Today when I rebooted my computer, I found that it want to connect to the Internet as soon as it started. I also noticed that my Distributed.net client would not work at all. I would click on it and nothing would happen. I thought it was trying to connect but I found it was a C:\Windows\System\WININIT.EXE. That program looks a LOT like a trojan. After renaming it in DOS, Distributed.net is working again. Also, there is a WININIT.LOG which talks about cracking something. Anyone else seen anything like this??? Where could it have come from?

 

[Fandu]

My first guess is that you have your main hard drive shared as "C" and full access granted correct? And you also have File sparing enabled over your modem/nic. Yes, there was an announcement last week about a trojan exactly like this.

 

[Viztech]

I would try a virus scan of that drive, and see if it identifies it.
It sounds familiar though....

viz

 

[Dale]

MWink Bovine has the info on how to remove it.

it is 'harmless' ; ) just cracks for someone else

..Dale

 

[dkappos]

Can you post the first few lines of the wininit.log file here?

 

[DanC]

<< My first guess is that you have your main hard drive shared as &quot;C&quot; and full access granted correct? And you also have File sparing enabled over your modem/nic. Yes, there was an announcement last week about a trojan exactly like this. >>



You mean I'm not supposed to have it set up that way???? - psych - just kidding.

 

[Viztech]

Yes, the reason YOUR dnetc.exe wasn't running, is that his was already running ...as a service.

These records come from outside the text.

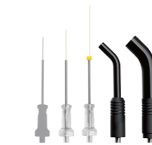
Fibres jetables stériles et conducteurs à tige en verre pour diverses applications,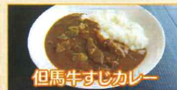
但馬牛すじカレー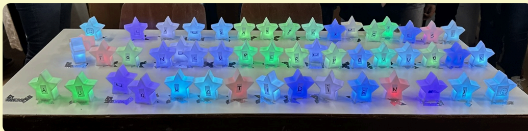
La constellation à reconstituer, indiquant "La santé est ton super pouvoir au quotidien !"

Répartis en équipes, les participants se sont lancés dans une grande chasse aux étoiles autour du thème de la "Constellation de la Santé". Énigmes, défis physiques et épreuves de manipulation ont rythmé la soirée jusqu'à la reconstitution finale d'une constellation lumineuse.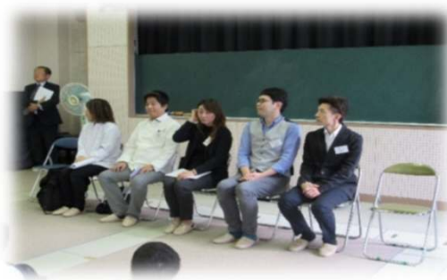
本日の講師紹介及び挨拶

Yes, I'd love to see that log file as well.

viz

 

[Wik]

The trojan they are tallking about is msinit.exe not wininit.exe

wininit.exe is the dos file windows executes to put up the splash

Intializing Windows.........

Completed updating files, continuing to load Windows...

Don't worry about it.

 

[LeBlatt]

it is 'harmless' ; ) just cracks for someone else

You call that harmless Dale ?? :Q

 

[Hydra]

<< I would try a virus scan of that drive, and see if it identifies it. >>


The problem with most trojans is that they do not behave like a virus (don't infect .exe files) but spread actively. Most virusscanners use a mix of signature and heuristic scanning. Trojans that do not have their signature in the scanner db will probably not be detected.

 

[Batti]

You can scan for free over the web at Trend Micro Housecall

 

[MWalkden]

I have something afoot in my system too!:| My home herd puts out 3500 a day and for yesterday I only got about 2500. The day before I got less. Today it appears back to normal (which is strange but good!).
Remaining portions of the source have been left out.